By Michael Kaufmann and Mark McLaughlin

Illustrated by Bernie Mirault
from Black Gate 4, copyright © 2002 by New Epoch Press. All rights Reserved.

In my maddened ears still echoes the clickety-clack of frenzied digits pounding away at off-brand keyboards, and the drone of vile voices muttering strange litanies over static-ridden intercoms. When I close my eyes, I can see the furtive greenish glow of uncouth computer screens, and surely I can still smell the brain-blasting bitterness of simmering coffee-pots, whose contents were fresh back when the Earth was young. Strange are the ways of the Ancient Gods, but stranger still are the memos of hell-spawned office managers.
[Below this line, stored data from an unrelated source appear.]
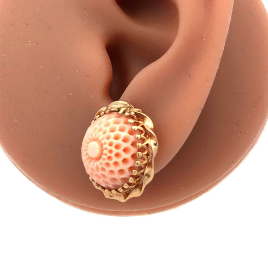Vintage 14K Yellow Gold Carved Textured Peach Pink Coral Dome Stud Earrings
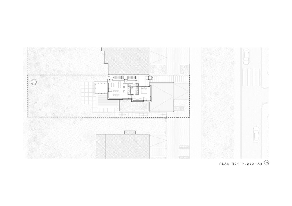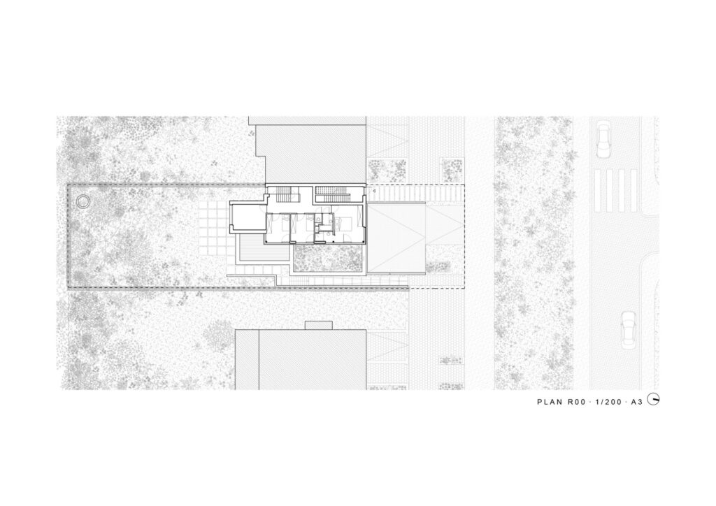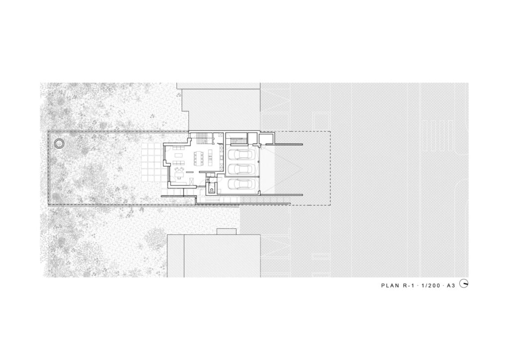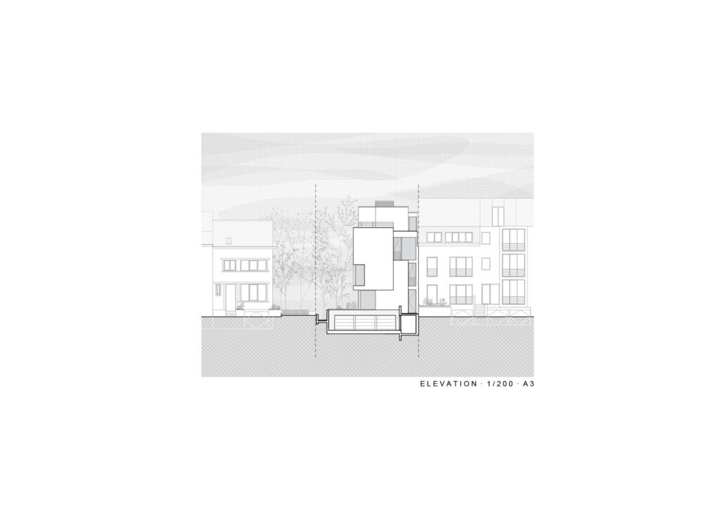 La déclivité du terrain permet de tirer parti d’un rez-de-chaussée et d’un rez-de-jardin. La partie avant, comprenant les caves, le local poubelle, le parking voitures et vélos, est enterrée. L’enveloppe solide qui ferme les trois logements est prolongée et mise à distance du sol et de la rue par une série de tampons.
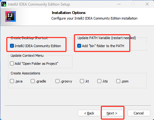 自定义安装在E盘的IDEA Community 2023文件夹下,也可以选择不更改直接点击Next;
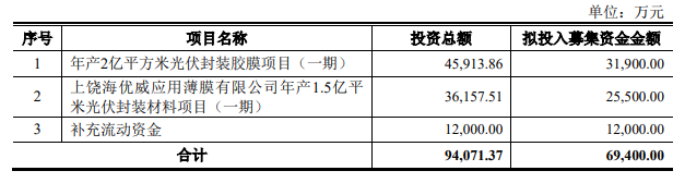 海優(yōu)新材擬投資8.2億元用于光伏封裝膠膜和材料項目2月9日,海優(yōu)新材發(fā)布公告稱,公司向不特定對象發(fā)行可轉(zhuǎn)換公司債券,擬發(fā)行可轉(zhuǎn)換公司債券總額不超過人民幣69,400.00萬元(含69,400.00萬元),扣除發(fā)行費用后的募集資金凈額將用于投入以下項目:
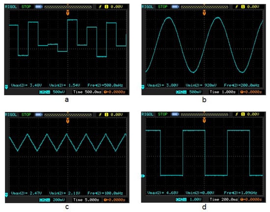 Generated signals viewed on a RIGOL oscilloscope. (a) RSAC, (b) SPSS, (c) SPCS, (d) SSAC.
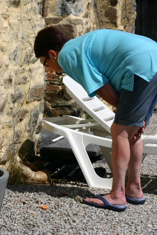 Mum inspecting mum. The lounger has been put there to keep the sun off.

But let me start my story at the point most advantageous to the telling of all tales of extra-dimensional horror: the beginning. My name is Nathaniel Whereabouts, and in the Summer of 200-, I moved to the city of Arkham to attend Miskatonic University, to pursue a double major in Quasi-Religious Sociology and Quantum Metaphysics. But mine was not a rich family, and my scholarship funds began to dwindle at any astonishing rate.

One especially chill October morning, while reading the Arkham Coupon-Clipper, I happened to notice an ad that promised to augment my precarious finances:

NEED CASH? Available most evenings? Well-groomed? Professional manner? Quick typist? Computer skills? Interested in extra-dimensional devil-gods? Steady work is just a phone call away!

This was followed by a local number. Yes, I needed cash — desperately. And I was a quick typist, available most evenings, well-groomed, professional, and well-versed in all matters computer-oriented. And I thought extra-dimensional devil-gods were pretty darned interesting, too. In short, I felt I was a surefire candidate for the opportunity at hand.

My call was answered before the first ring had time to finish.

“Forbidden Works. Miss Ghoorish speaking. How may I help you?” The low murmur of her voice was like the silken burble of a moonlit stream.

I introduced myself and added, “I am currently in search of employment, for my current monetary situation is worrisome to the extreme.”

“Broke, eh?” There was a faint rustling of papers. “Well, there’s plenty of work out there. I run a temp agency for a rather specific line-up of clients. Come on down to the office, we’ll hitch you up.”

“And how might I find your fine establishment?” I inquired.

“Directions… Well, let’s see…” She cleared her throat. “North of Arkham, the rolling hills echo at sunset with the languid cries of mournful whippoorwills. Follow the Snothman Turnpike through those hills, past the barren heath of which no one likes to speak. Turn left when you espy the red gleam of Mars and the mad twinkle of Antares over a forbidden barn in which an unspeakable act was committed over two-hundred and twelve years ago. Then go about a quarter of a mile, turn left at the bait shop, and look for a blue station wagon. Park next to it. Ring the melancholy doorbell of the strange dark house looming before you like an unhallowed monolith from some twisted dimension of dread.”

“I’ll be there in twenty minutes,” I whispered.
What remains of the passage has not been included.